Part 4: Facing North, the Cableway and Retaining Wall, 9 AM
Rackstraw Downes ( American, 1939 )
Although the subject and location of this painting refer to the everyday, British painter Rackstraw Downes gives the scene an almost mystical quality. The wall, the triangular cableway structure above it, and the simultaneous arc of fuel smoke from a passing jet are locked together in time, representing a moment that the artist has recreated in oil paint through a meticulous and time-consuming process. Downes does not use a camera to prepare for his photorealistic scenes, but sketches the location repeatedly at specific times of day over an extended period of time. Instead of following traditional perspective, the lines of Downes' paintings curve slightly, reproducing the way a scene is pieced together by the human eye rather than by a camera lens.
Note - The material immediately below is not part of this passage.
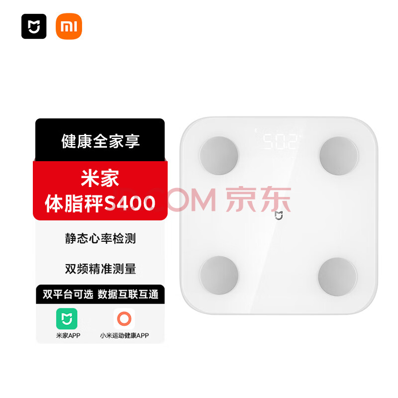 米家(MIJIA)小米智能体脂秤S400 白色 双接家用电子秤体重秤高精准25项身体数据平衡测试 塑形减脂 体重管理
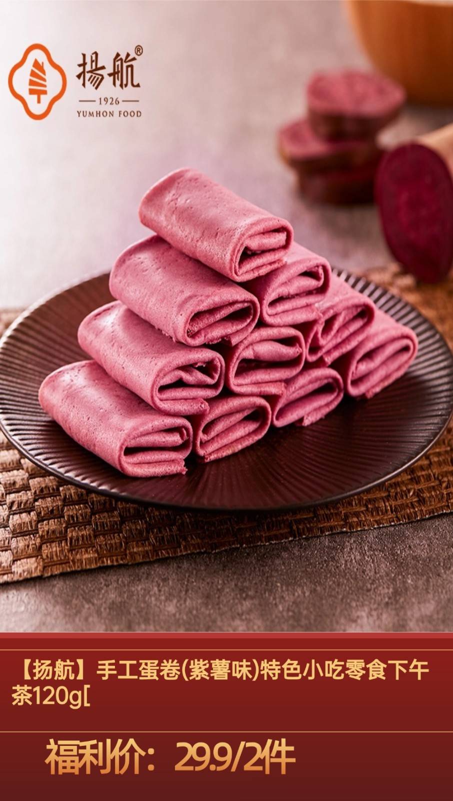 套餐内容:【扬航】手工蛋卷(紫薯味)特色小吃零食下午茶120g

For Downes, this assembly of visual information is crucial: "I'm interested in the idea of completeness, of wholeness, of inclusion." While Downes bases his imagery directly in the natural and man-made world that surrounds him, his work consciously takes Realism to task, bending and manipulating it and remaining in dialogue with the work of artists whose enterprise, at first glance, seems far removed from his own.
Charles Wylie, DMA Label copy, 2005.
Rackstraw Downes has had two solo exhibitions at the Chinati Foundation in Marfa, Texas, including one of the series to which this painting belongs.
Downes spends part of his time in Presidio, Texas, and is intimately connected with the land where this work is painted.